I’ve been married for 8 years and I have a son aged seven. I always had a slight problem with my husband even before getting married. We’ve been together for a total of 13 years but it feels like I’m suffocating and I wish that I can run away from this situation.
After our first year of marriage he decided to open a business, and I had to accept at all costs even though I was scared of how we were going to manage financially since I was not working due having just given birth. A few months after the birth of my son, he started coming home arguing that I should be working by this time like others do, but in my situation it was impossible to do so. He began refusing to give me money and I had to ask and cry that I need to buy things for the baby. After almost three years I found a good job and we decided that he will take care of our son and take him to play-school in the morning while I’d be at work. But this was the worst idea I’d ever come up with. I was not living but only existing arriving from work at 5pm to cook for me and my son, wash and sleep, while my husband goes to work.
After about two years my husband’s business grew and he decided to open another shop, thus I had to stop working again to care for my son. Now we went back again to the old story – I’m not working and totally depending on him. He is giving me a very hard time, always moaning that it’s not right that he’s working day and night for us, and when he is at home if I switch on the light or water he switches it off immediately, telling me that he’s the one paying for it. There is no love between me and my husband anymore, nothing that a normal couple have. We are living together because of my son and no other reason. I really wish I could leave but I have nothing – no money and nowhere to go. What can I do?
It is time to reclaim your power. You’re feeling helpless at the moment but that is not the real picture. It seems that way to you because due to your current circumstances your self-esteem has been effected and you’ve been worn down from the lack of support from your husband and rat-race lifestyle you describe. It has become a reality to many, but while some thrive on this level of stress (maybe even to the detriment of other needs), others may not physically and/or emotionally afford, or actually even desire, to keep up with this lifestyle. Some have a convenient family/friends support network, energy levels, motivation to maintain this lifestyle, others don’t. The industrial mould is not for everyone. It is pointless to compare ourselves to others as we all have different make ups and different variables are at play.
It seems that work pressure, high stress levels, parenthood and the decisions you and your husband made or didn’t make regarding these has effected your marriage negatively and there’s quite a bit of resentment from both sides.

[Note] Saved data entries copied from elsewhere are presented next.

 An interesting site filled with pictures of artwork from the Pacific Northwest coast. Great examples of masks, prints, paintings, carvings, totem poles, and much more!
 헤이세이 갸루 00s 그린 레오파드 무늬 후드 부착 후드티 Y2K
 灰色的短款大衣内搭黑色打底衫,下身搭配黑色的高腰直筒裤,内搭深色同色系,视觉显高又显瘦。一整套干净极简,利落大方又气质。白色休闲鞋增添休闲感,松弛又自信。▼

Motherhood effects women (and their men) differently. It was insensitive and unhelpful of your husband to compare you to others during a time in your life when you most needed his emotional and practical support. Such hurtful attitudes are bound to cause resentment and a distance between you. On the other hand, it seems that your husband may have interpreted your caution regarding setting up a new business as your being not supportive of his vision or holding him back. He may be feeling that he’s been carrying the financial responsibility for the family on his own and expressing it in disrespectful and non-constructive ways – which you needn’t put up with in any case – and disregarding your role in raising a young child which is a full-time job already. Ideally issues regarding balancing family and work-life between partners would be discussed and agreed on before taking them on, but sometimes it’s easier said than done, especially when one of the partners may have a domineering personality. High stress and pressure levels can bring out the worst in people and may even trigger off personality disorders or psychotic tendencies when there is such an unbalanced lifestyle.

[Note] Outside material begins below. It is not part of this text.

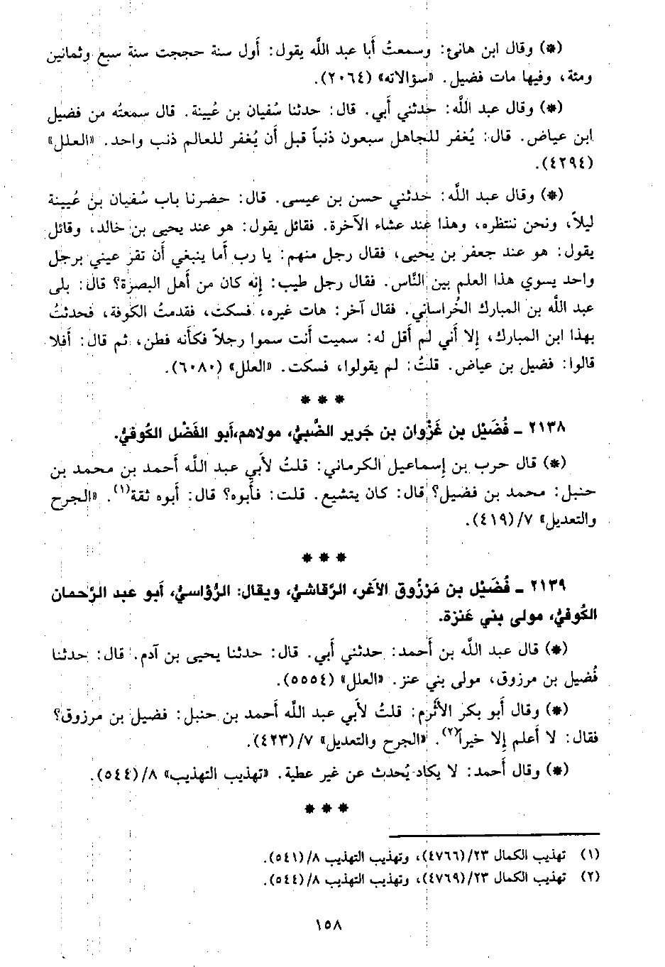 • وقال عبد الله: حدثني أبي. قال: حدثنا سفيان بن عيينة، قال سَمِعتُهُ من فضيل بن عياض، قال: يغغر للجاهل سبعون ذنبًا قبل أن يغفر للعالم ذنب واحد. «العلل» (4294) .

You will feel victimised only if you allow it. Take responsibility for your role in your current situation, accept yourself the way you are and learn from your mistakes. Find ways to raise your energy levels through, for example, meditation, journal writing, your faith, contact with nature and then take the necessary steps to change your situation.

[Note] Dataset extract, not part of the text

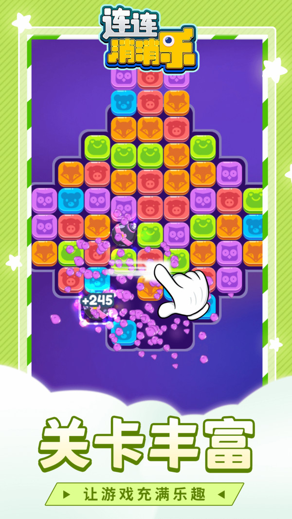 1.关卡数量丰富,简单进行手游挑战,感受经典手游消除挑战

It looks like your mind is already made up and you want out of the marriage. You may want to contact Cana Movement (21238942) who offer counselling services and also legal advice to help you get back on your feet and so that you can find out what you may be entitled to financially if you decide to separate from your husband. Getting a part-time job might be a good idea to help you reclaim some independence and improve your self-esteem. Whatever decisions you make, you deserve to be happy and it is your responsibility to achieve it.